**AVAILABLE DATA**
________________________________________

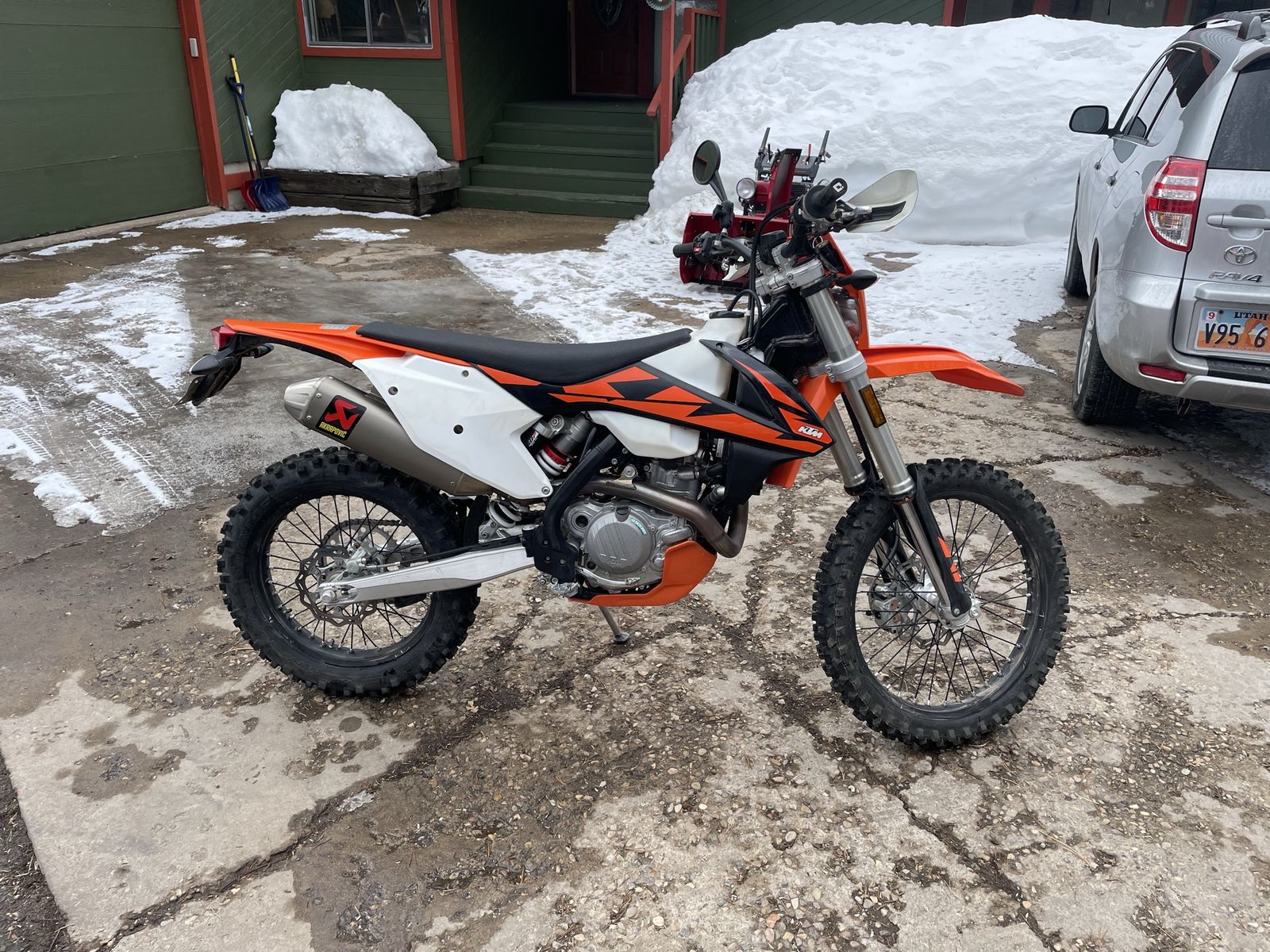 2018 KTM 500. 2534 miles. Tons of extras including a Mosko moto reckless 10 bag and all the stock stuff I replaced. Moose bibs Concept seat Steering stabilizer Bush wackers Desert tank Rekluse clutch (installed in Feb) Mirrors Heavier spring Taco moto front lights
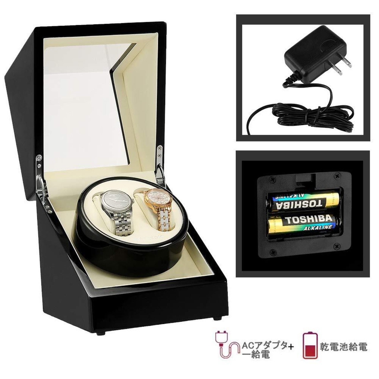 ワインディングマシーン ウォッチワインダー ワインダー 腕時計 自動巻き時計ワインディングマシーン 日本製 マブチモーター 腕時計自動巻き上げ機 収納ケース 2本巻き (ブラック ピアノ鏡面仕上-113BW)
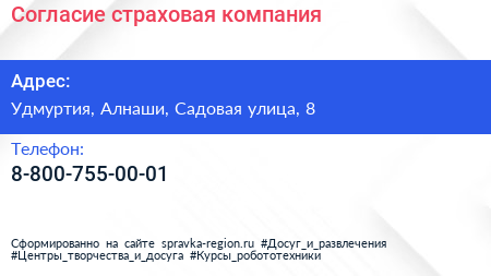 Согласие, страховая компания по адресу Удмуртия, Алнаши, Садовая улица, 8 в дальнейшем Организация, размещена в следующих категориях:
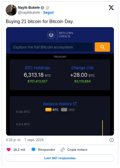 El Salvador acumula actualmente 6,313 BTC a cuatro años de la entrada en vigor de la Ley Bitcoin, conmemorados con una compra simbólica de 21 unidades de la criptomoneda. La medida refuerza la estrategia de reservas liderada por el presidente Nayib Bukele, que ha situado al país en el centro del debate económico global.

________________________________________

**WHAT YOU ARE ASKED TO DO**
What you give back must be exactly the lines of the listing above from the line containing "ワインディングマシーン ウォッチワインダー ワインダー" through its last line, inclusive, without pictures, please.

**ANSWER TO THE EXERCISE**
 ワインディングマシーン ウォッチワインダー ワインダー 腕時計 自動巻き時計ワインディングマシーン 日本製 マブチモーター 腕時計自動巻き上げ機 収納ケース 2本巻き (ブラック ピアノ鏡面仕上-113BW)
 Согласие, страховая компания по адресу Удмуртия, Алнаши, Садовая улица, 8 в дальнейшем Организация, размещена в следующих категориях:
 El Salvador acumula actualmente 6,313 BTC a cuatro años de la entrada en vigor de la Ley Bitcoin, conmemorados con una compra simbólica de 21 unidades de la criptomoneda. La medida refuerza la estrategia de reservas liderada por el presidente Nayib Bukele, que ha situado al país en el centro del debate económico global.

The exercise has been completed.